* _Your goal_: Look below for the line with "L’agent de la" and the line with "with cable detailing". Copy exactly those two lines and every line between, but not the pictures.

* _Data for processing_:
----------
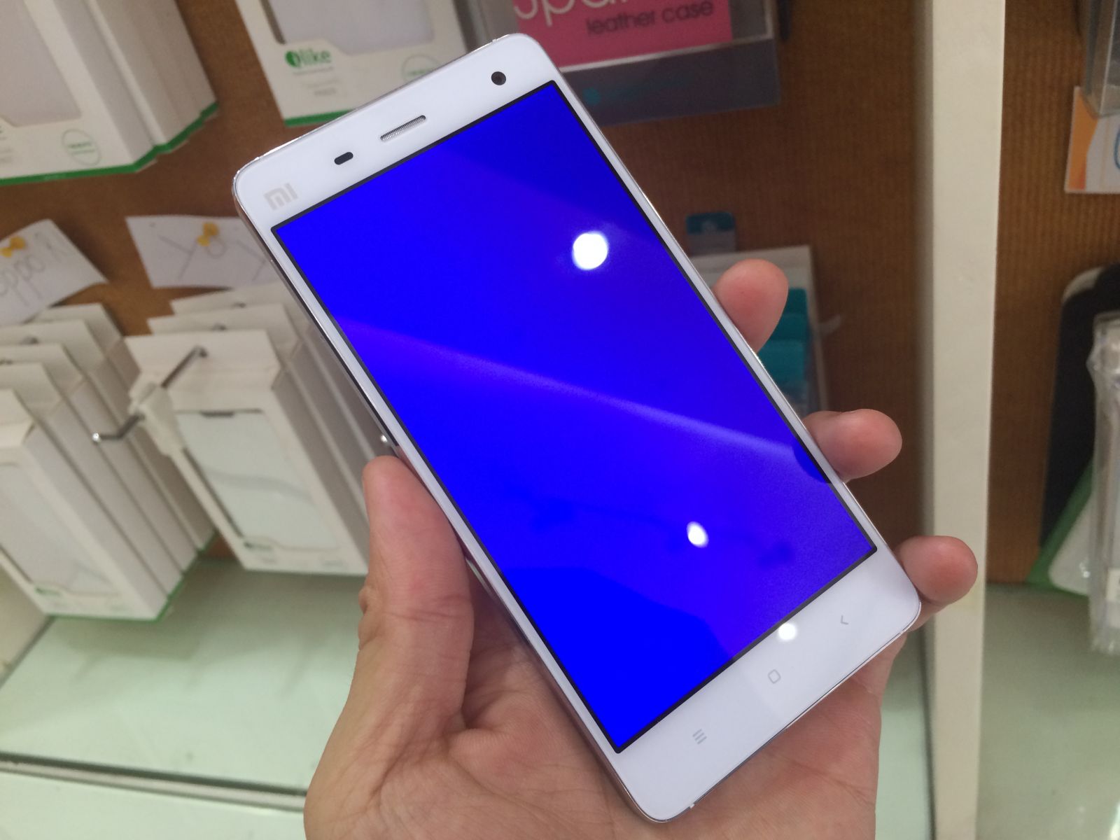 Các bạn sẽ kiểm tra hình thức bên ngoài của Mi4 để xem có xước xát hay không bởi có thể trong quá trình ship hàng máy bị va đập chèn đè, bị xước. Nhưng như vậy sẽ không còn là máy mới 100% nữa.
----------
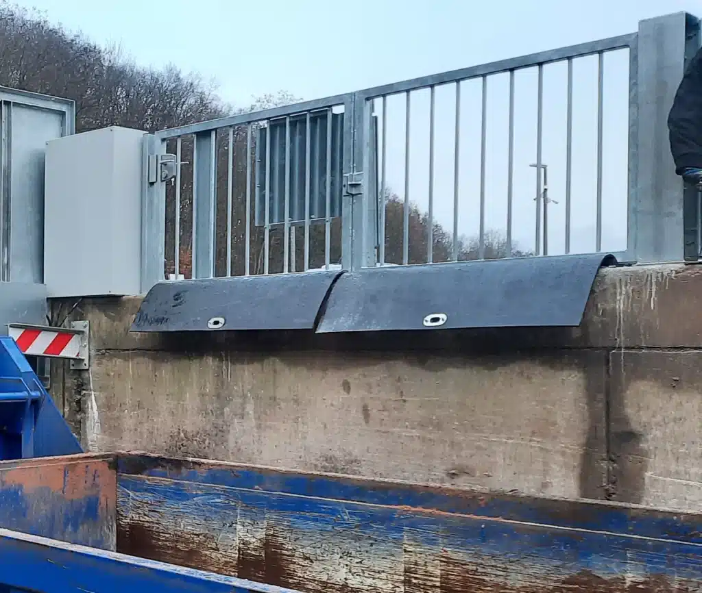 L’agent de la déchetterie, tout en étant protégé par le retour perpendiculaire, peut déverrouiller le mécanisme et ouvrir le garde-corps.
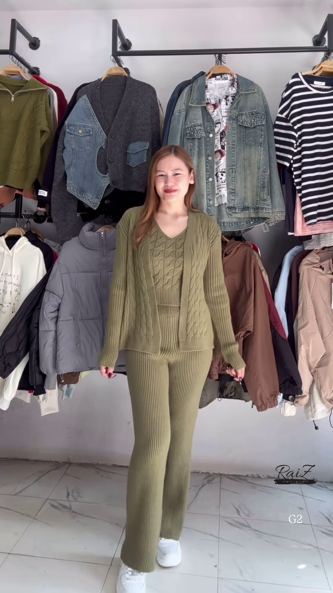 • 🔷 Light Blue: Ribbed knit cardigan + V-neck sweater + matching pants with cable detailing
----------
* _Exercise solution_:
 L’agent de la déchetterie, tout en étant protégé par le retour perpendiculaire, peut déverrouiller le mécanisme et ouvrir le garde-corps.
 • 🔷 Light Blue: Ribbed knit cardigan + V-neck sweater + matching pants with cable detailing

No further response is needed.